(MATERIAL SHOWN Opens)

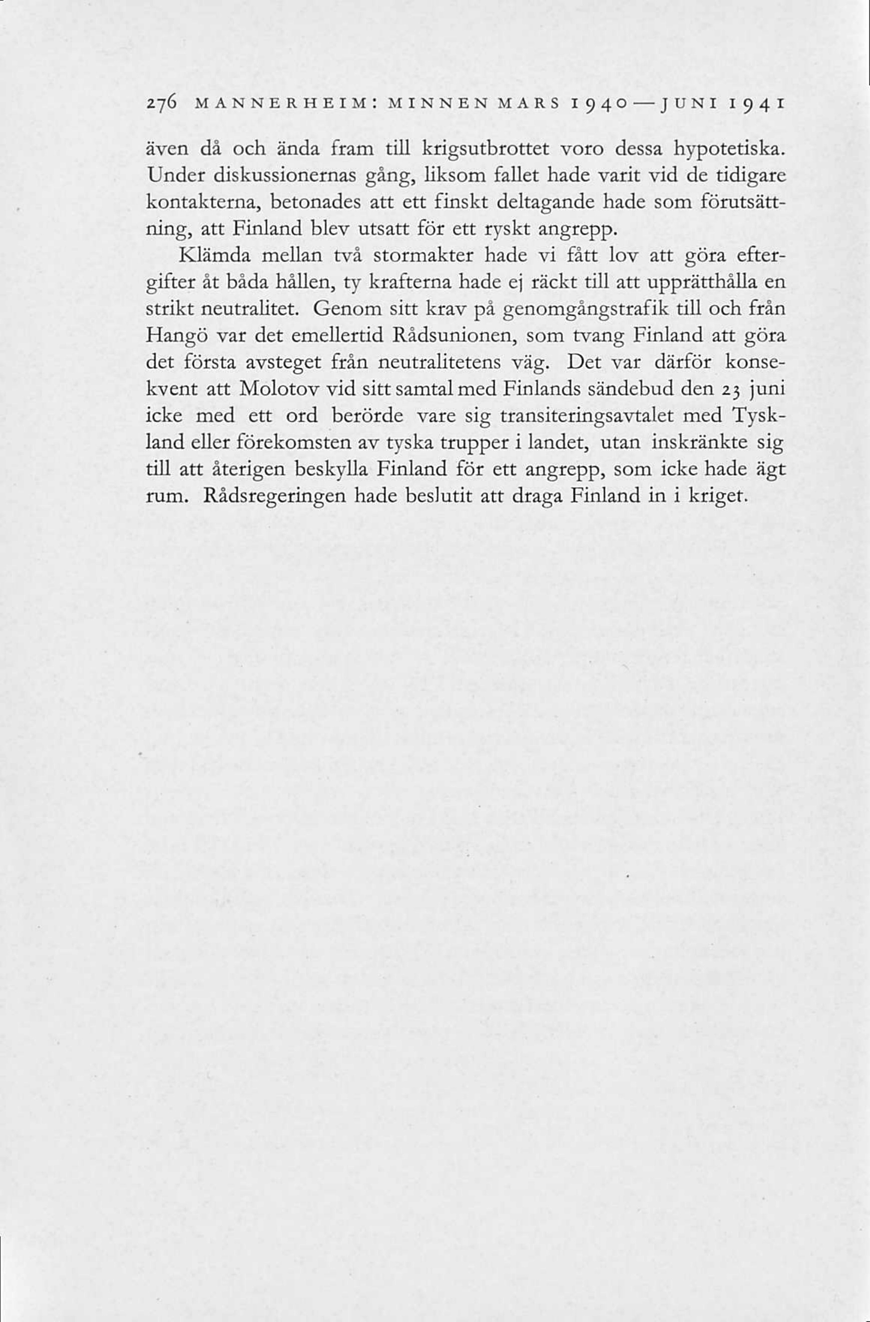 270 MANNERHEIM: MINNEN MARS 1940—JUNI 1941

(MATERIAL SHOWN Closes)
(MATERIAL SHOWN Opens)

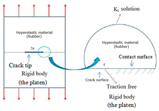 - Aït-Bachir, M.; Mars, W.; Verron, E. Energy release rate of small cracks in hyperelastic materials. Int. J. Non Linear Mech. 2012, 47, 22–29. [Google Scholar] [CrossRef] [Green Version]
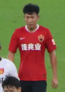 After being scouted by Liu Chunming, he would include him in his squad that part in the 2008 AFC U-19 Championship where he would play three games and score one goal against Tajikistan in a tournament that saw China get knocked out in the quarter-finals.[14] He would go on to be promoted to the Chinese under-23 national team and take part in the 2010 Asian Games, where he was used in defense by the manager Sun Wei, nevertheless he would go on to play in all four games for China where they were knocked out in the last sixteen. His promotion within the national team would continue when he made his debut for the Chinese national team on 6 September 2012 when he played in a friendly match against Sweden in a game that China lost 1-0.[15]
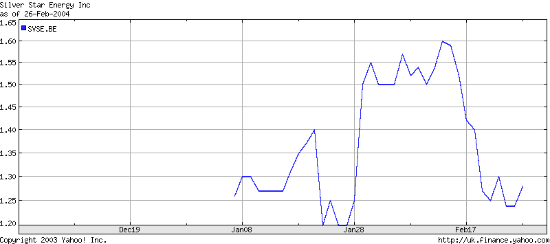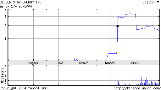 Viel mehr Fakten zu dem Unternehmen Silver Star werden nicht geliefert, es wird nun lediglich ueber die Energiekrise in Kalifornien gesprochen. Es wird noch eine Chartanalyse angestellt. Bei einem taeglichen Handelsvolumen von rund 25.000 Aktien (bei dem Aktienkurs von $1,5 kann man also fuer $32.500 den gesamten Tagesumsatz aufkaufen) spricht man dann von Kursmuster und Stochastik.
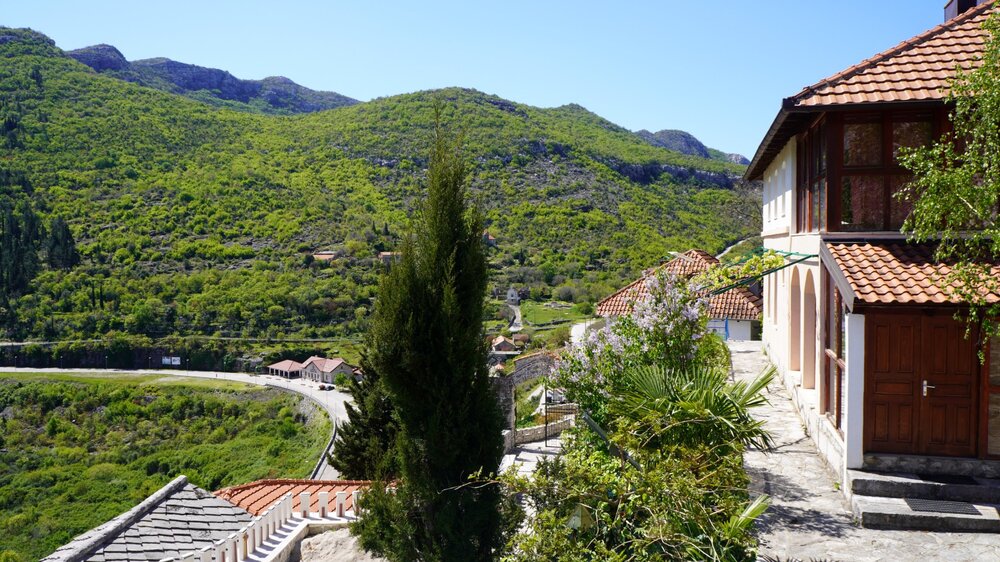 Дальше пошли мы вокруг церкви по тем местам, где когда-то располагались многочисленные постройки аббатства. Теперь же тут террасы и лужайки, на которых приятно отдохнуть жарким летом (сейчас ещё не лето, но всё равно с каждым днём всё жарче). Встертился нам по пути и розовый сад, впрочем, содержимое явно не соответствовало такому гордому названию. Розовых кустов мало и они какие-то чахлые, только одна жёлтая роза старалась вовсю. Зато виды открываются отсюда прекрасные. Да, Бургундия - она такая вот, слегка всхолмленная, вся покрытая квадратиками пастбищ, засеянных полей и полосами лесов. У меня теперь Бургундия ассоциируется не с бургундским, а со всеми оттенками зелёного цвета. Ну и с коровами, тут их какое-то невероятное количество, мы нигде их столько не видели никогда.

(MATERIAL SHOWN Closes)
(MATERIAL SHOWN Opens)

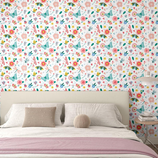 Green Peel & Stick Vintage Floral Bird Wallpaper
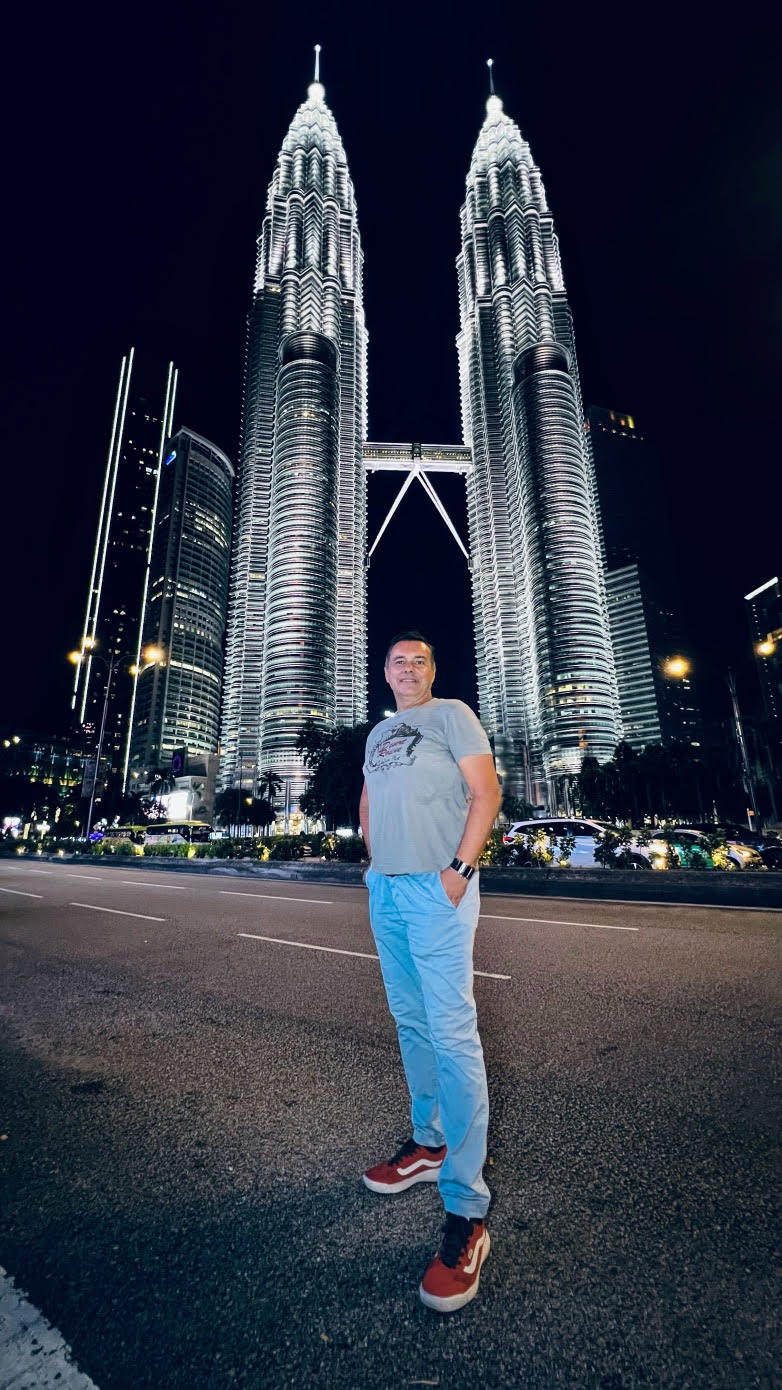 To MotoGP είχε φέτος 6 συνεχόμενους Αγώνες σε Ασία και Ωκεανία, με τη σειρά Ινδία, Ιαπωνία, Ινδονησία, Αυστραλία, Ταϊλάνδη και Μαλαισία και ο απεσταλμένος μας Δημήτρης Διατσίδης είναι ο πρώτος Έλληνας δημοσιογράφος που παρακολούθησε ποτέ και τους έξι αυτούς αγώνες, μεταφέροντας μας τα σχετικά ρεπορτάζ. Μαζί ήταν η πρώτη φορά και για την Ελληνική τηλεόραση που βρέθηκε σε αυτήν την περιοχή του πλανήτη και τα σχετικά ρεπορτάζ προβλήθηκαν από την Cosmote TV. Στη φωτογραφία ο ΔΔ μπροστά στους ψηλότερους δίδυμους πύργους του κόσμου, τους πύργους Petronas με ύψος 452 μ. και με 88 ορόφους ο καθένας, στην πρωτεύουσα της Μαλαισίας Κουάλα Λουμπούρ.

(MATERIAL SHOWN Closes)

• PROBLEM TO SOLVE: Once the line with "Viel mehr Fakten" has been found above, output that line and every later line exactly, stopping after the line with "Дальше пошли мы", and omit the pictures.

• ANSWER:
 Viel mehr Fakten zu dem Unternehmen Silver Star werden nicht geliefert, es wird nun lediglich ueber die Energiekrise in Kalifornien gesprochen. Es wird noch eine Chartanalyse angestellt. Bei einem taeglichen Handelsvolumen von rund 25.000 Aktien (bei dem Aktienkurs von $1,5 kann man also fuer $32.500 den gesamten Tagesumsatz aufkaufen) spricht man dann von Kursmuster und Stochastik.
 Дальше пошли мы вокруг церкви по тем местам, где когда-то располагались многочисленные постройки аббатства. Теперь же тут террасы и лужайки, на которых приятно отдохнуть жарким летом (сейчас ещё не лето, но всё равно с каждым днём всё жарче). Встертился нам по пути и розовый сад, впрочем, содержимое явно не соответствовало такому гордому названию. Розовых кустов мало и они какие-то чахлые, только одна жёлтая роза старалась вовсю. Зато виды открываются отсюда прекрасные. Да, Бургундия - она такая вот, слегка всхолмленная, вся покрытая квадратиками пастбищ, засеянных полей и полосами лесов. У меня теперь Бургундия ассоциируется не с бургундским, а со всеми оттенками зелёного цвета. Ну и с коровами, тут их какое-то невероятное количество, мы нигде их столько не видели никогда.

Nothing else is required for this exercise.